Мне ли их разрубать?
Мне ли ножи точить?
Ветра летят клочки,
Бьют из земли ключи,
Гнется к воде трава,
Чистая голова вымыта и мертва –
Выщерблена.
Внутри – в ней – пустота горит,
И не родится рожь.
Что ж.
Танца тревожных дум тамтам,
Ходуном ходун,
Топчет тугую мглу,
Гул тело моё трясёт,
Нервы мои не лгут,
Чуя грунтовых вод
Ход.
Если с места мне не сойти,
Если путы сошлись пути,
Если я зарасту корой,
Вой будет гудеть в ветвях
Музыкой для зверья,
Вестью о том, что я
Есть.
***
А здесь,
Где не место порывам, шквалам,
Где лунные краски рисуют на стенах шпалы
И синие лестницы белых оконных рам,
Ночной хризантемой запахнет моя усталость,
И тихой прохладой калёной стали
Повеет от стен, и пустая спальня
Укроет спокойствием
До утра.
***
Между лопаток
Тёплой дорожкой,
Следом пера,
Мысли твои
Мою кожу
Тронули.
Ночь отвечала дрожью
Озера,
Нитей ивовых
Дрожью.
***
Стихи без музыки,
Как наждак.
***
Обручение с пустотой
Распахнуло тугие двери,
И расчерченный пылью стол
Затянул серебристый вереск,
Отощавший в тени росток
Дышит ветром сквозь щели в крыше,
И калины кровавый сок
Окропляет четверостишья
Алой буквой живых чернил
Через полосы мёртвых линий;
Над стерильным морозом штиль,
Неподвижная паутина
Кристаллически белых вен
Обескровленных снегом клёнов,
И по венам гуляет свет
Звонкой болью в хрустальных кронах;
Подарить поцелуй коре,
Впиться в мёрзлую тьму корнями
И по чёрным виткам колец,
Растворяясь, плутать с огнями
Проливаться из леса в лес,
Рассыпаясь о каждый шорох,
Через полый древесный треск
Я лечу, набирая скорость,
Я лечу, и летит во мне
Всё, что видела, всё, что вижу,
Сквозь сплетения тополей,
Узловатые ветки вишен,
Со слезами густой смолы
Замерзая в канавках трещин,
Согреваясь в стекле золы,
Проникая под лак столешниц,
И со мной, как второй сигнал,
Как другая река, петляя,
Та, с которой меня спаял,
Та, которой меня отчаял,
Та, которой теперь служу,
И которая мне послушна,
Та, чей голос - бесцветный шум.
Памяти В.
Неслышно касаясь одежды и лиц прохожих,
Я белой пушинкой лечу над согретым городом.
Мой нынешний облик с их внешностью так не схожи,
Встречаюсь на миг, торопливо и очень коротко.

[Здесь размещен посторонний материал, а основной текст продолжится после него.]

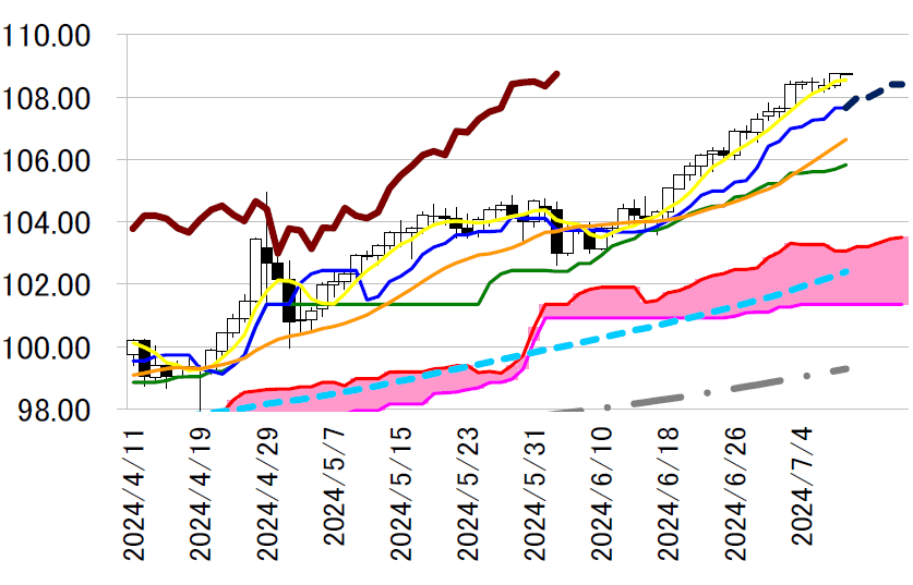 サポート1 108.05(7/5 安値)

Спокойные взгляды и тихие вспышки радости,
Свобода в глазах невесомая, многогранная,
Я снова, кружась на ветру, продолжаю странствие
В порту, среди стройных и робких подъёмных кранов,
В темнеющих парках, и запахах сладко-прелых
Полночного августа с небом давяще-звёздным,
Беспечно раскрытым в безжалостно близкий космос,
Забуду, что я для кого-то теперь потеря,
Что я полыхнула засвеченным кадром в ленте,
Оставила цепенеть, оборвав беседу,
И воды сомкнулись над омутом чёрной Леты
В сгущённом тумане смотрящего в осень лета.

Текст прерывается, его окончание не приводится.